[Assignment] Every record below needs to be set down exactly. Pictures do not belong in the copy.

[Record set]
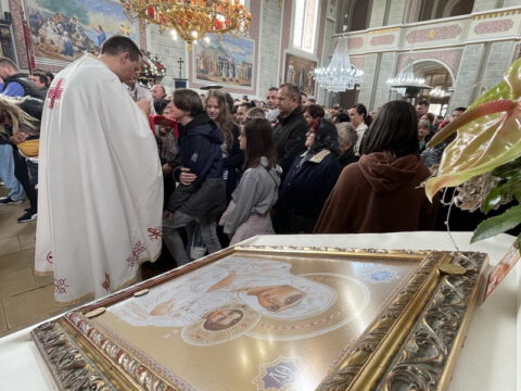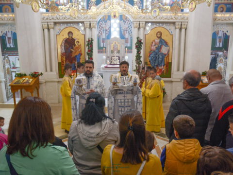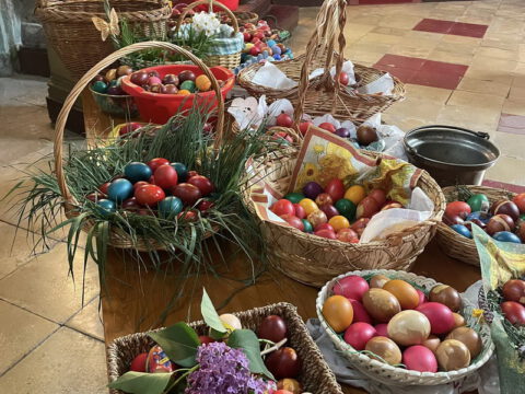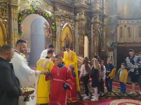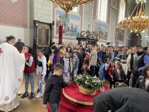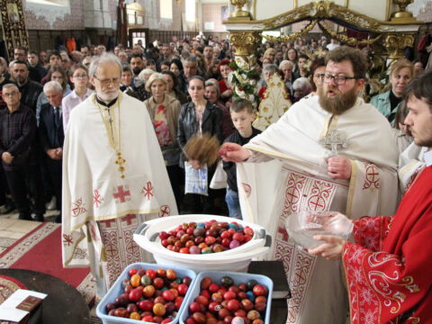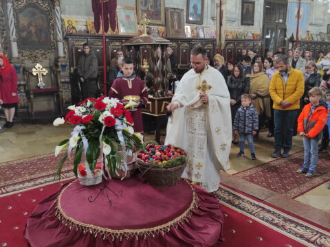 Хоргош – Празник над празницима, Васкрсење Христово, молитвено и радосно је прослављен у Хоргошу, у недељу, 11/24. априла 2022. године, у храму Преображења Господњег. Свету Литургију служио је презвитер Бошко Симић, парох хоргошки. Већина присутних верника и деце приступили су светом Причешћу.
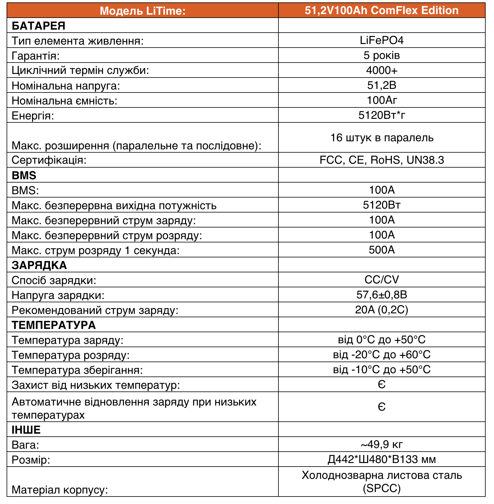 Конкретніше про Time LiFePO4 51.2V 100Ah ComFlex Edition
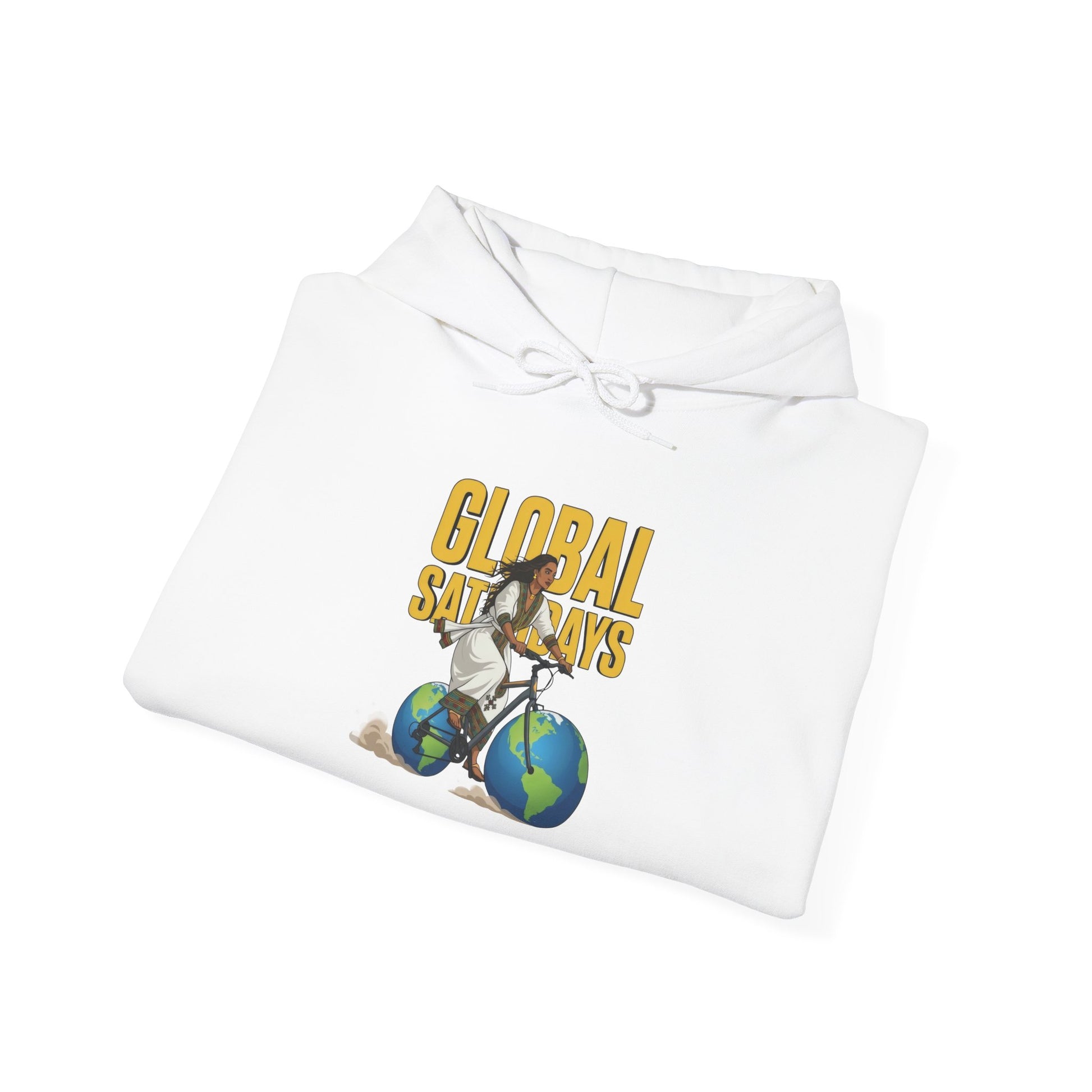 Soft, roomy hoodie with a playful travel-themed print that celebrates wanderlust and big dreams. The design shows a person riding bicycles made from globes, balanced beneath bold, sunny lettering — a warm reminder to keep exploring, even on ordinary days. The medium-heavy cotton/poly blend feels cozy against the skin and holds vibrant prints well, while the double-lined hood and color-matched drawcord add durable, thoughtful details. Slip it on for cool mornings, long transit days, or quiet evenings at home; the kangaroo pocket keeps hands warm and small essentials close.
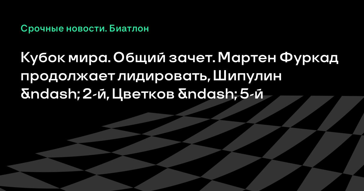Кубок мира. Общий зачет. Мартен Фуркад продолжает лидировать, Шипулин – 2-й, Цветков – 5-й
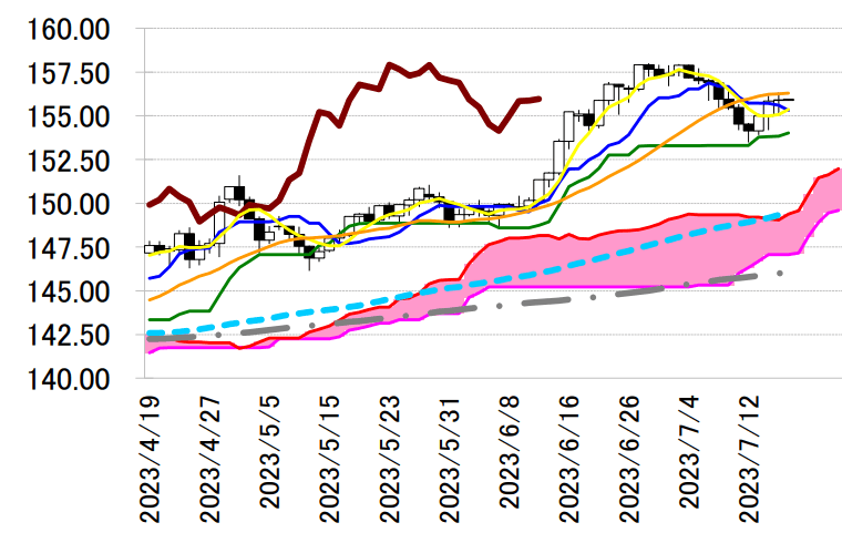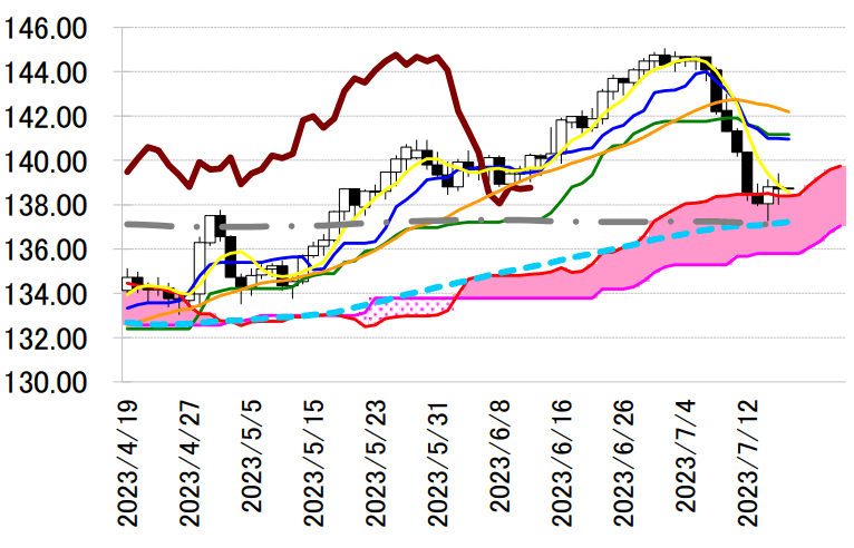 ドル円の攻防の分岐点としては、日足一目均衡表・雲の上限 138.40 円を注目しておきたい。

[Solution to this problem]
 Хоргош – Празник над празницима, Васкрсење Христово, молитвено и радосно је прослављен у Хоргошу, у недељу, 11/24. априла 2022. године, у храму Преображења Господњег. Свету Литургију служио је презвитер Бошко Симић, парох хоргошки. Већина присутних верника и деце приступили су светом Причешћу.
 Конкретніше про Time LiFePO4 51.2V 100Ah ComFlex Edition
 Soft, roomy hoodie with a playful travel-themed print that celebrates wanderlust and big dreams. The design shows a person riding bicycles made from globes, balanced beneath bold, sunny lettering — a warm reminder to keep exploring, even on ordinary days. The medium-heavy cotton/poly blend feels cozy against the skin and holds vibrant prints well, while the double-lined hood and color-matched drawcord add durable, thoughtful details. Slip it on for cool mornings, long transit days, or quiet evenings at home; the kangaroo pocket keeps hands warm and small essentials close.
Кубок мира. Общий зачет. Мартен Фуркад продолжает лидировать, Шипулин – 2-й, Цветков – 5-й
 ドル円の攻防の分岐点としては、日足一目均衡表・雲の上限 138.40 円を注目しておきたい。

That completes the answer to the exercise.